From the result, we can see that in the first half of the dataset, the best model has higher accuracy than the baseline. But then in the second half of the dataset, the baseline has higher accuracy than the best model instead, as I said before.

# Task 2:

In this task we need to choose a binary classification model randomly (without training) on the dataset, and have collect the accuracy and AUC, and also observed a much higher precision for the majority class than for the minority class. 

Next, we use all the instances from the minority class and sampling (without replacement) 1000 instances from the majority class to form the new dataset and use the same binary classification model on it.

1.For accuracy, I think it will drop in the new dataset. Because in the first situation, most of accuracy comes from the majority class, and if we build a new dataset, it just like decreasing the majority class and increasing the minority class. So, the proportion of misclassified instances will also increase, which casue the accuracy to be less.

2.For the AUC, we do not expect it will change a lot because the AUC is not affected by the class proportions. But due to our new form of dataset and changed samples, AUC in our case may change slightly.

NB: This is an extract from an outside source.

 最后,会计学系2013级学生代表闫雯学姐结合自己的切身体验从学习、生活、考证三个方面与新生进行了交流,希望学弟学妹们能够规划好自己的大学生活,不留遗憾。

3.Last, for the precision of majority and minority class, it might increase for the minority and decrease for the majority. Because by constructing the new dataset, some majority samples which have been predicted to be minority by mistake are moved out, and thus the precision of minority class will increase and for majority will decrease instead.

The code is as follows.


In [16]:
from sklearn.datasets import make_classification
from sklearn.metrics import accuracy_score, roc_auc_score, precision_score
from sklearn.linear_model import LogisticRegression
import numpy as np

# create the original dataset
X, y = make_classification(n_samples=5000, n_features=10, n_informative=5, n_redundant=5, n_classes=2,
                           weights=[0.8, 0.2], class_sep=1.0, random_state=48)

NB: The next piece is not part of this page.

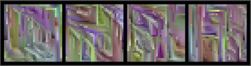 PixelCNN生成样本的时间过长,这让我很沮丧。于是,我就想试试能不能用一个预训练的PixelCNN训练出前馈式图像对图像卷积神经网络(8x8至32x32尺寸的LSUN卧室图片集)。我所设置的训练方法是:在前馈式网络的输出上进行自动回归。在PixelCNN下更新权重以便将概率最大化。它用这样的线条生成了非常奇怪的图像:

# create the model and fit it on the original dataset
model = LogisticRegression(random_state=48)
model.fit(X, y)
y_pred = model.predict(X)

# calculate the accuracy, AUC, and precision for the original dataset
acc = accuracy_score(y, y_pred)
auc = roc_auc_score(y, model.predict_proba(X)[:, 1])
prec_maj = precision_score(y, y_pred, pos_label=0)
prec_min = precision_score(y, y_pred, pos_label=1)

print("Results on the original dataset:")
print(f"Accuracy: {acc:.3f}")
print(f"AUC: {auc:.3f}")
print(f"Precision for majority class: {prec_maj:.3f}")
print(f"Precision for minority class: {prec_min:.3f}")

# create the new dataset, use the same model to predict 
# and calculate the accuracy, AUC, and precision on it
maj_indices = np.random.choice(np.where(y == 0)[0], size=1000, replace=False)
X_new = np.vstack([X[y == 1], X[maj_indices]])
y_new = np.concatenate([y[y == 1], y[maj_indices]])

y_pred_new = model.predict(X_new)

acc_new = accuracy_score(y_new, y_pred_new)
auc_new = roc_auc_score(y_new, model.predict_proba(X_new)[:, 1])
prec_maj_new = precision_score(y_new, y_pred_new, pos_label=0)
prec_min_new = precision_score(y_new, y_pred_new, pos_label=1)

print("\nResults on the new dataset:")
print(f"Accuracy: {acc_new:.3f}")
print(f"AUC: {auc_new:.3f}")
print(f"Precision for majority class: {prec_maj_new:.3f}")
print(f"Precision for minority class: {prec_min_new:.3f}")

Results on the original dataset:
Accuracy: 0.808
AUC: 0.776
Precision for majority class: 0.825
Precision for minority class: 0.572

Results on the new dataset:
Accuracy: 0.575
AUC: 0.772
Precision for majority class: 0.541
Precision for minority class: 0.818


From the result, we can see that the accuracy really drops in the new dataset, and the AUC of these two are nearly the same. As for precision, in the original dataset, the precision for majority class is much higher than that of the minority class, and it decrease for majority and increase for minority in the new dataset.